D’autres ont brandi des panneaux « Avertissement touriste » expliquant que la police avait fait usage de gaz lacrymogène contre les contestataires dimanche dernier, et que quarante-cinq manifestants avaient été blessés dans des attaques commises par des agresseurs soupçonnés d’appartenir aux triades.

Le syndicat du personnel de vol de la compagnie Cathay Pacific a déclaré soutenir le rassemblement et encouragé ses membres à s’y joindre. Cette prise de position a été condamnée dans les médias d’Etat chinois. « Nous regrettons l’incompétence de Carrie Lam et son équipe, qui se moquent de leur peuple », a publié le syndicat sur Facebook, en référence à la chef de l’exécutif local, soutenue par Pékin.

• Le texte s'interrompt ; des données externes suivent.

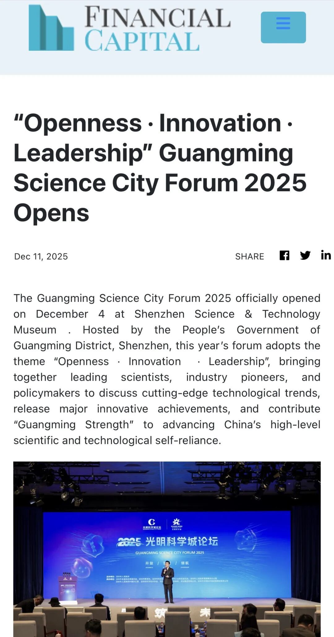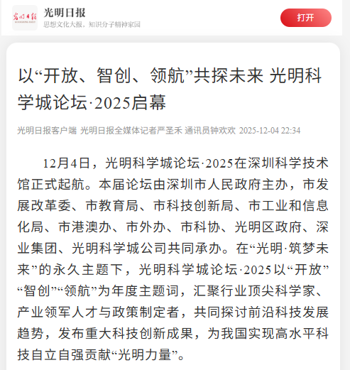 本次论坛集中呈现了高端思想的深度碰撞与光明科学城的创新实践,既彰显了光明区高质量发展的活力与优势,也清晰勾勒出建设世界一流科学城的宏伟蓝图。
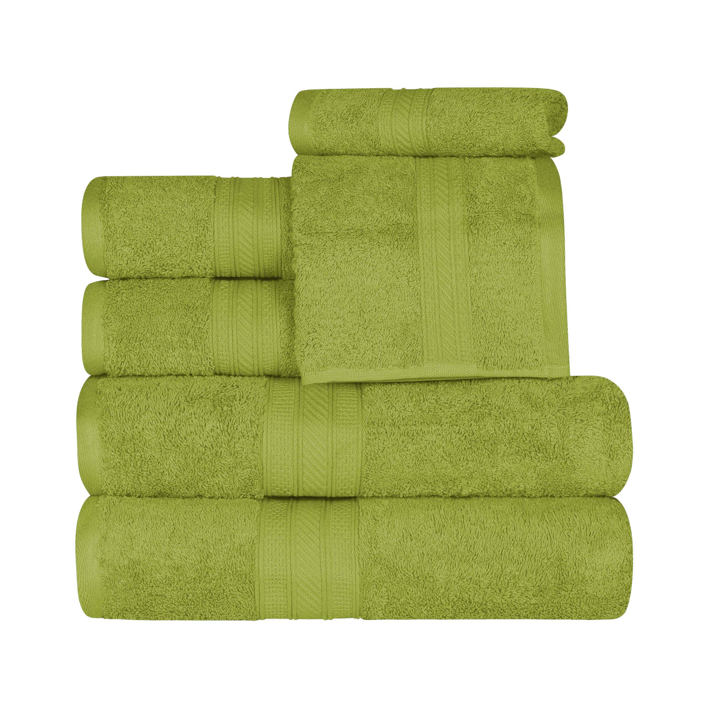 Experience the luxurious feel of this 6-Piece Cotton Towel Set. These sumptuous towels provide a quick and sophisticated update to any bathroom or shower space. Crafted with quality, Cotton, these towels are just as long-lasting and durable as they are stylish. This charming set includes two-bath towel, two-hand towel, and two-face/washcloth in an assortment of solid colors. Featuring crisp, hemmed edges and a detailed border, this gorgeous set is sure to elevate the beauty of your bathroom and give you a look you'll love.
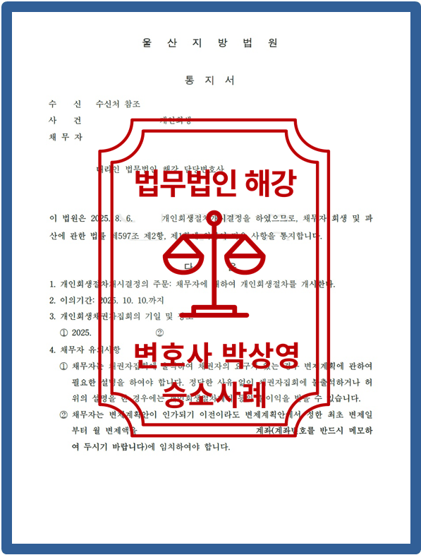법무법인 해강에서는 법리적 검토와 개인회생신청서에 대한 변제계획안 작성등을 통하여 [개인회생개시] 결정 받았습니다.
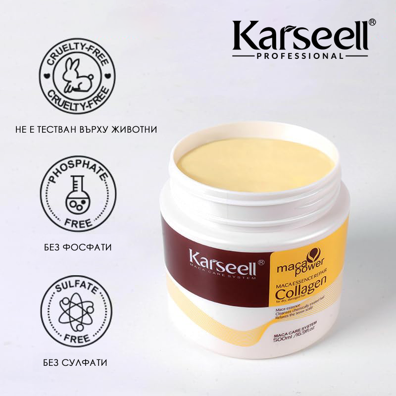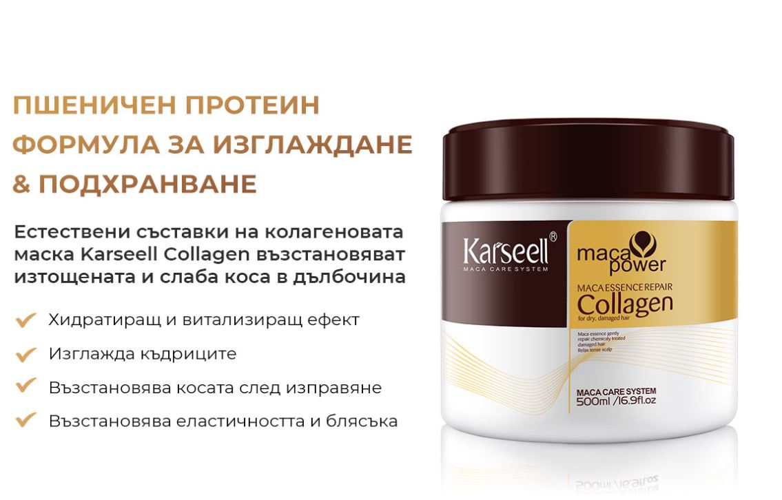 Karseell се превърна в истински хит. Иновативната колагенова маска, съдържаща есенция от мака и патентована технология на Karseell с активен колаген. Доставя енергия на увредената коса и възстановява фибрите на косъма, оставяйки косата хидратирана, гладка и бляскава.
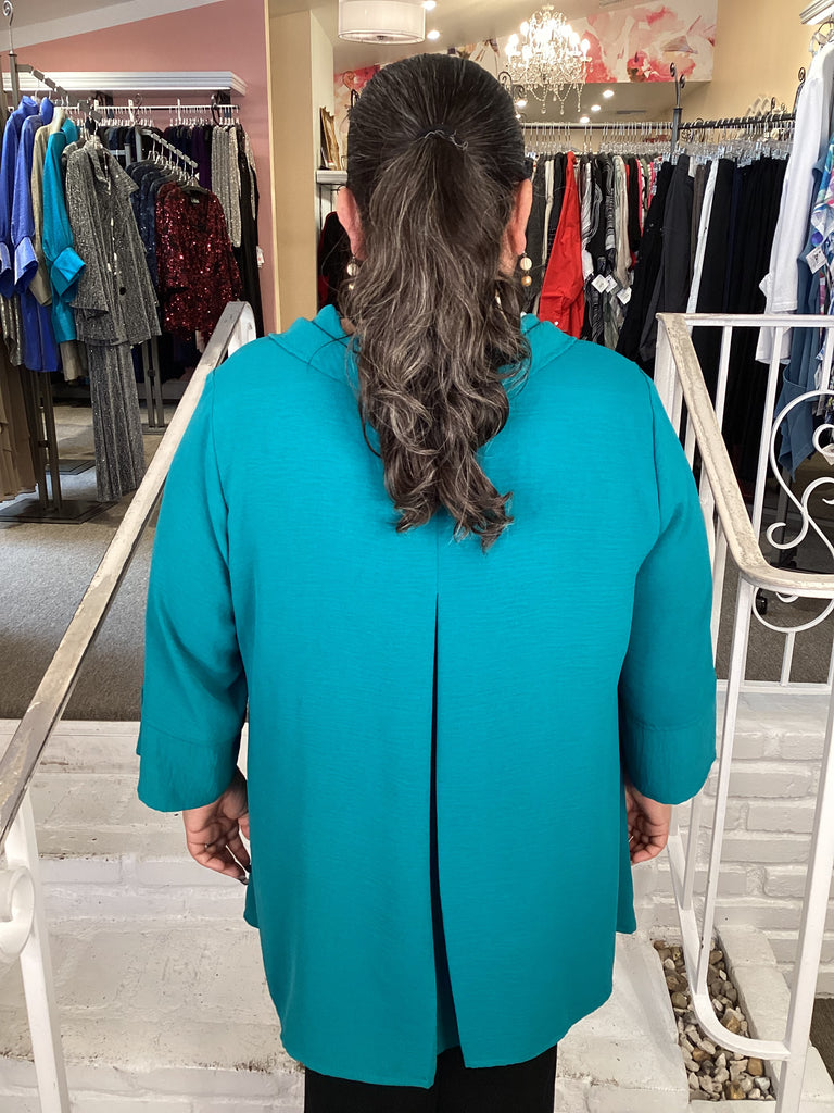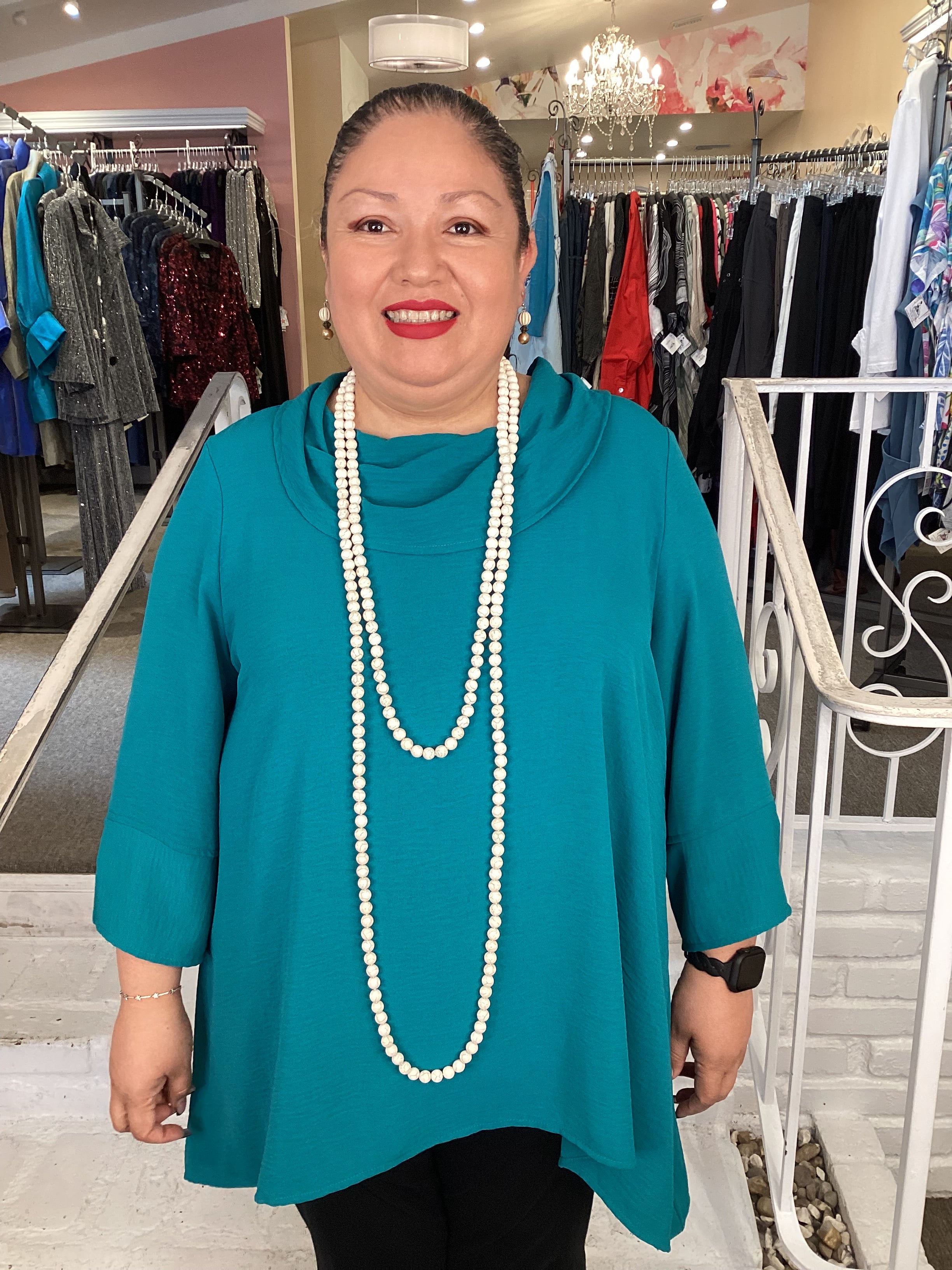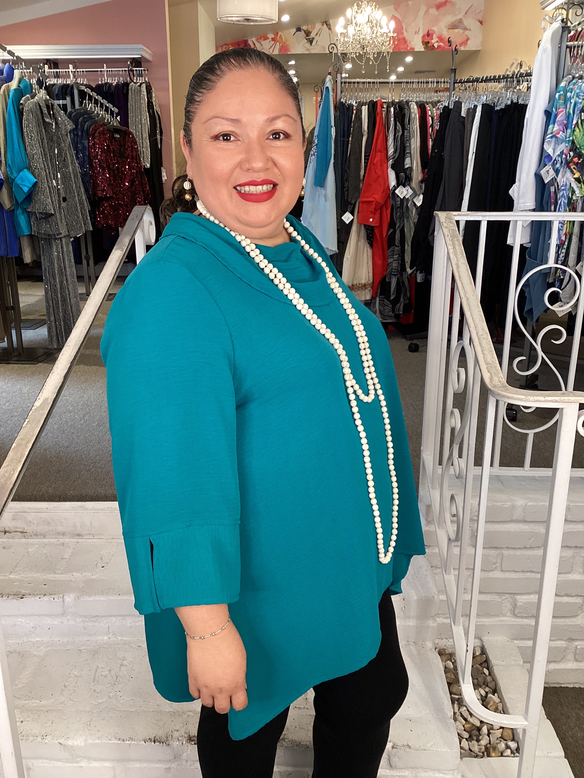 The new jade color cowlneck tunic is designed with lightweight crepe material, featuring an A-line silhouette and cuff detail. The loose cowl neck provides a stylish, flattering look while keeping you comfortable all day.
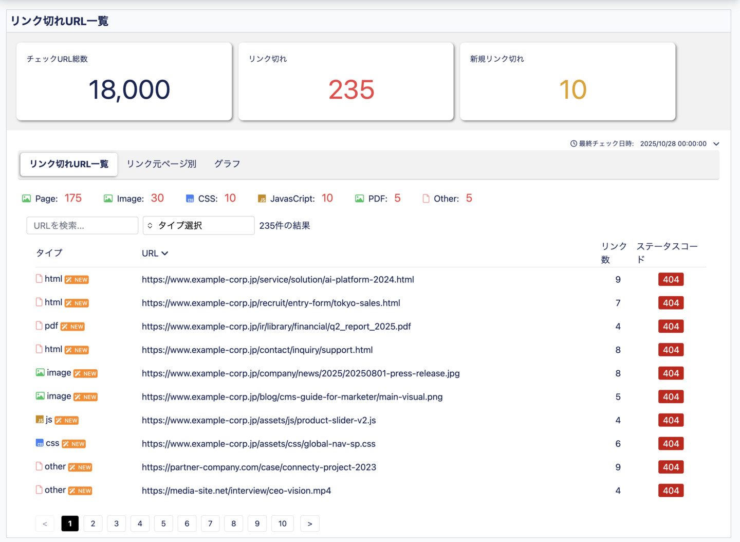 Webサイトのリンク切れ(404エラー)を自動で検知・通知し、サイトの信頼性を維持します。本機能により、管理者はダッシュボードでサイト全体のURL数、404エラー数、新規発生エラー数を即座に把握できます。また、チェック対象は内部リンクに加え、一次の外部リンクにも及ぶため、外部環境の変化にも対応可能です。さらに、リンク切れURLとその参照元ページを特定できるため、修正作業を効率化します。
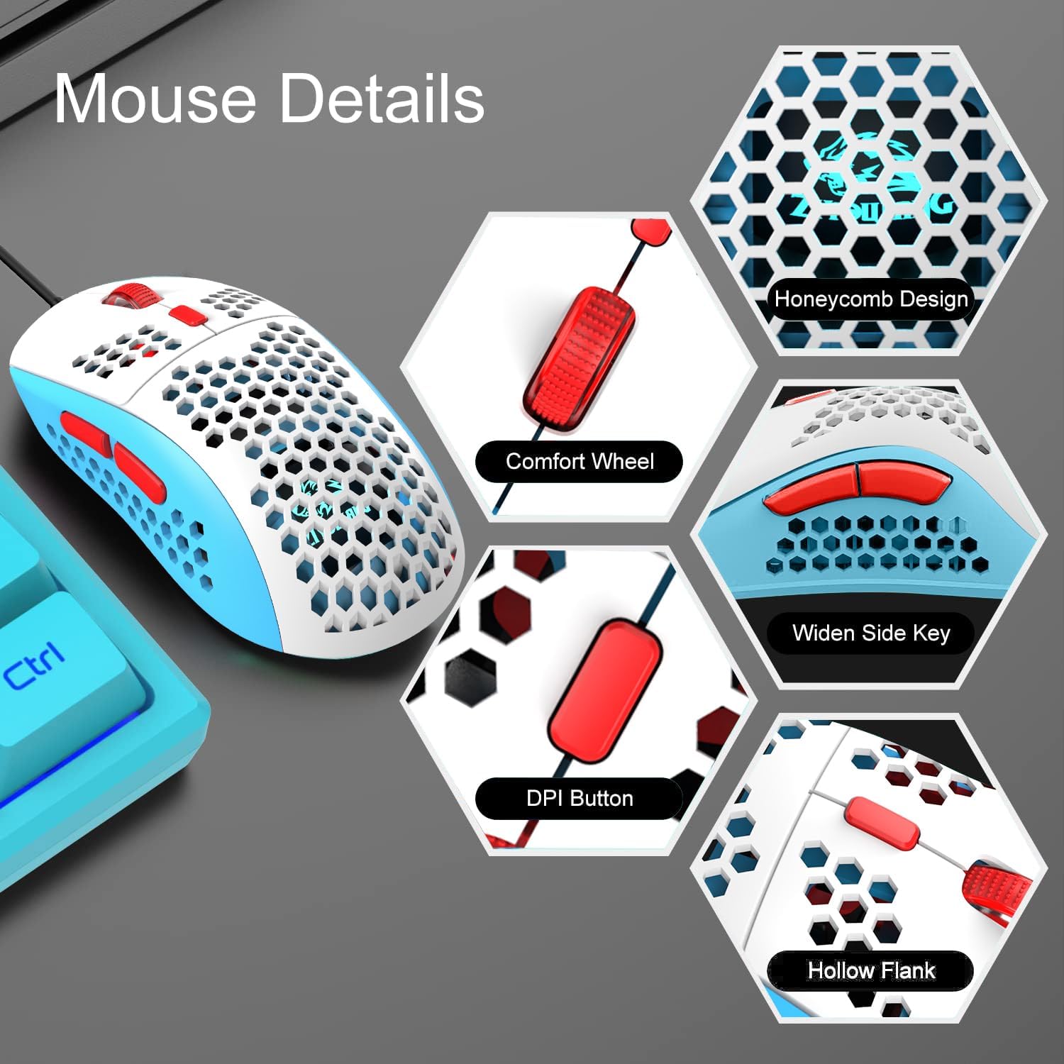 【RGB Honeycomb Gaming Mouse】Wired professional gaming mouse uses hard-core custom chip, high-precision optical sensor, up to 6400 dpi (level 6 / editable), able to withstand 20g acceleration, has 50,000,000 Button life. The high-performance mouse configuration can meet your needs for fast web browsing and gaming.
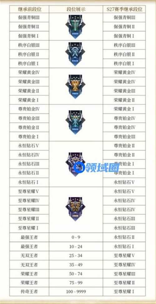 以上就是王者荣耀s33赛季段位继承表分享的全部内容,更多精彩内容攻略请持续关注领域圈,小编将持续更新更多相关攻略。
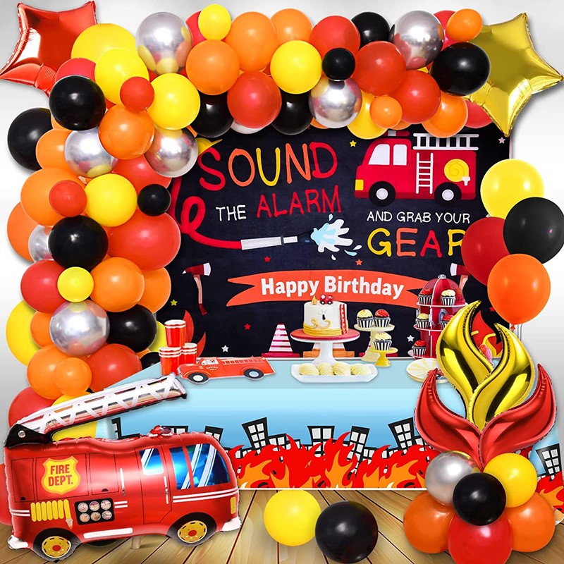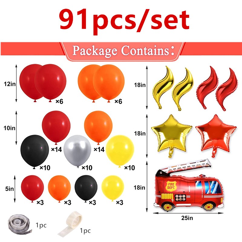 91pcs Kid Firefighter Birthday Party Balloon Garland Arch Kit Fire Truck Party Red Balck Yellow Balloon Banner

De nouvelles manifestations prévues ce week-end

Un grand groupe de personnes scandait encore « Libérez Hongkong » dans le hall des arrivées, cinq heures après le début de la protestation. Hongkong se prépare à un autre week-end de rassemblements.

La police a interdit la manifestation prévue samedi en réponse à l’agression des militants prodémocratie par les triades à Yuen Long, au nord des Nouveaux territoires de Hongkong. Mais les groupes de discussion instantanée et les forums sur lesquels se concertent les militants semblent indiquer que les rassemblements auront quand même lieu.

Une autre manifestation se tiendra dimanche près du bureau de liaison du gouvernement chinois à Hongkong. Dimanche, le bâtiment avait été couvert d’œufs et de graffitis, avant que la police ne fasse usage de balles en caoutchouc et de gaz lacrymogène contre les contestataires.